Suter sees AI handling the first pass of the monthly financial review, identifying unusual transactions and highlighting areas that need investigation.
“I think the ability to do that first pass of variance analysis is gonna be huge,” Suter says. “Why was this off? Oh, well, there was one anomalous transaction and then, okay, great, we can go look at that and figure out what that was. It’ll just really speed up that whole process.”
The work doesn’t disappear. Finance teams still need to interpret findings and determine whether variances matter. But AI eliminates the manual scanning that consumes time without adding insight.
“I’m sure there’s still gonna be some manual interpretation of what it is, but to point big red flashing arrows at a couple of different things to go dig into, I think is gonna be great,” Suter adds.
This represents realistic expectations for AI forecasting: not replacing financial planning professionals, but accelerating the mechanical work that prevents them from focusing on judgment, strategy, and business partnership.
The danger is overselling AI’s capabilities. Suter remains skeptical that AI can simply ingest all available data and produce perfect forecasts without human oversight.
“I’m a little less bullish on its ability just to put in all the data and like out pops a bulletproof revenue forecast,” he says.
The explainability problem remains unsolved. Finance leaders can’t present forecasts to boards or executives without explaining the logic behind the numbers. If the model is a black box, the forecast is unusable regardless of accuracy.
The Bottom Line for Finance Leaders
AI forecasting is creating a gap between teams that experiment and those that wait for perfect solutions, marking a shift in current FP&A trends.
At Wasabi, that gap exists within the same company. Bento’s BI team is building ML models, automating reports, and testing multiple AI platforms. Suter’s FP&A team is still in Excel but moving deliberately toward AI-enabled planning tools.
Both approaches work because both teams understand their role. BI pushes innovation and builds capabilities. FP&A validates outputs and maintains skepticism. The partnership creates better outcomes than either team could achieve alone.

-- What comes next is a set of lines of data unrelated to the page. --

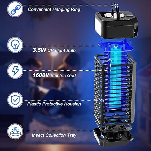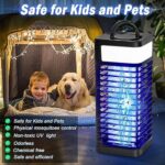 [UV blue & LED Light] UV blue technology, significantly boosting its effectiveness in attracting and eliminating mosquitoes, flies, wasps, moths, and other flying insects. 3 Modes LED Light (High | Medium | Strobe) it serves not only as an efficient bug zapper but also as a versatile companion for daily lighting, camping, and night walks, catering to various needs.
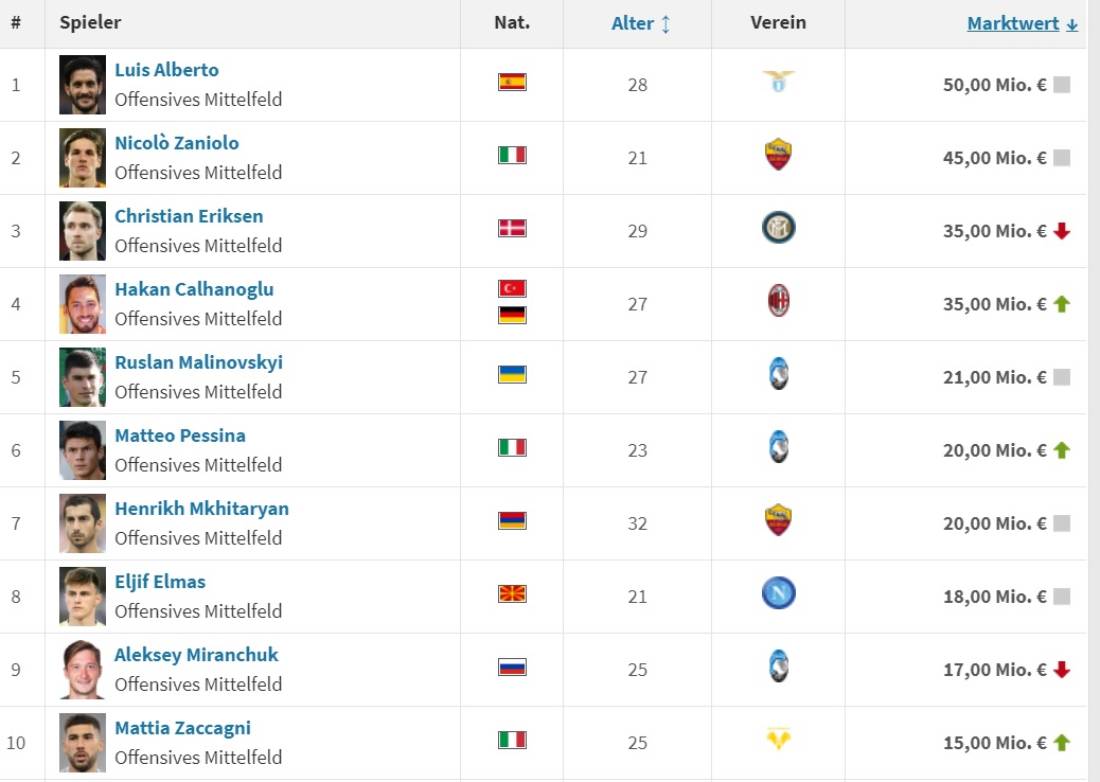 Топ-10 самых дорогих атакующих полузащитников Серии А
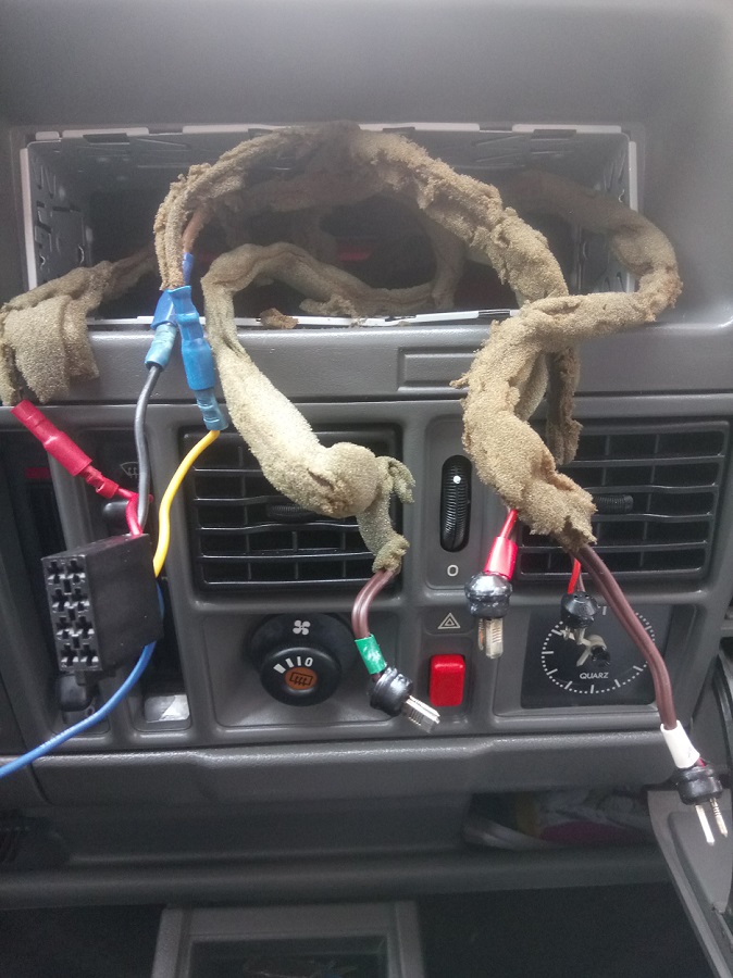 auszubauen, da der Radiokabelbaum auch zum Teil an anderen Kabelbäumen mit Isolierband und ähnlichem festgemacht war. Aber immerhin, die Arbeit
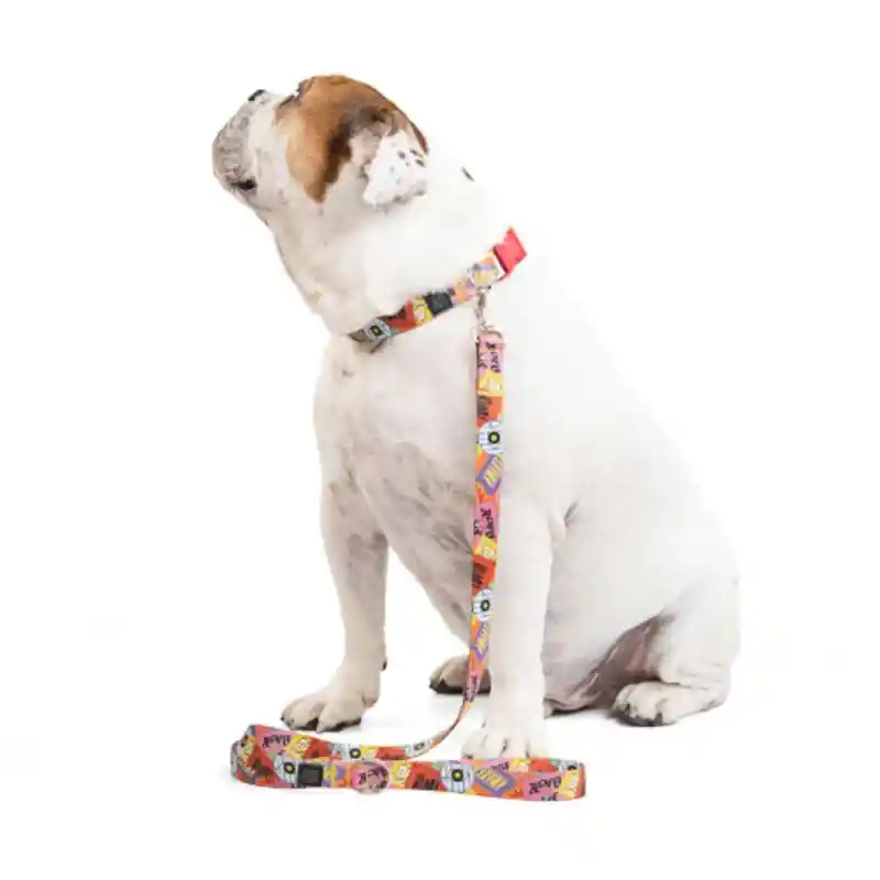Este bicombo de collar y correa está elaborado en poliéster, sublimado con diversos y coloridos diseños. Herrajes de zamak. Es suave con el pelaje, brinda confort y seguridad.

The finance leaders who will thrive:
- Implement AI for outcomes, not for buzzwords or board presentations
- Start with problems that have clear ROI, like automating two-hour weekly reports
- Build validation mechanisms to verify AI outputs against third data points
- Maintain healthy skepticism about black box forecasting
- Partner with BI and data science teams rather than competing with them
- Test multiple models and rank performance rather than betting on single approaches
- Focus AI on anomaly detection and first-pass analysis, where it excels today
The ones who demand bulletproof AI forecasts without human oversight will make catastrophic errors. The ones who refuse to experiment with AI because it’s not perfect will fall behind teams that iterate toward better solutions.

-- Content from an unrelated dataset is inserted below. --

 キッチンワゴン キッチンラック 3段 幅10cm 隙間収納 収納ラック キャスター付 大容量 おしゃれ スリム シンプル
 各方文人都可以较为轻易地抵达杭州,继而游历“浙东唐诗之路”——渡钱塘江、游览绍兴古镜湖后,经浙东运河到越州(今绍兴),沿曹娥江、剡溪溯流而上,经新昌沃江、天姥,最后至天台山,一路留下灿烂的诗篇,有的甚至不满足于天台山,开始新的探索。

The opportunity is clear: AI forecasting works when it eliminates mechanical work, surfaces anomalies faster, and provides validated inputs to human judgment. Getting there requires intentionality, partnership between finance and BI, and the humility to admit when Excel still works better than algorithms.
This article is based on David Suter and Marcos Bento’s appearance on the FP&A Today podcast.Ā
Marcos Bento is Director of Business Intelligence at Wasabi Technologies, a hot cloud storage company based in Boston. He leads a five-person team building machine learning models, implementing AI automation, and managing data infrastructure for the platform. Marcos rose through the ranks at Wasabi from Financial Analyst to Senior Data Analyst to Manager, Business Analytics before taking his current role. He holds an MBA from Babson College’s F.W. Olin Graduate School of Business.
David Suter is Director of FP&A at Wasabi Technologies, leading a four-person team focused on financial planning, forecasting, and business partnership. Before Wasabi, he held Senior Director positions at PeopleFluent and Sovos Compliance, and earlier in his career spent a number of years at PTC in strategic planning and operations roles.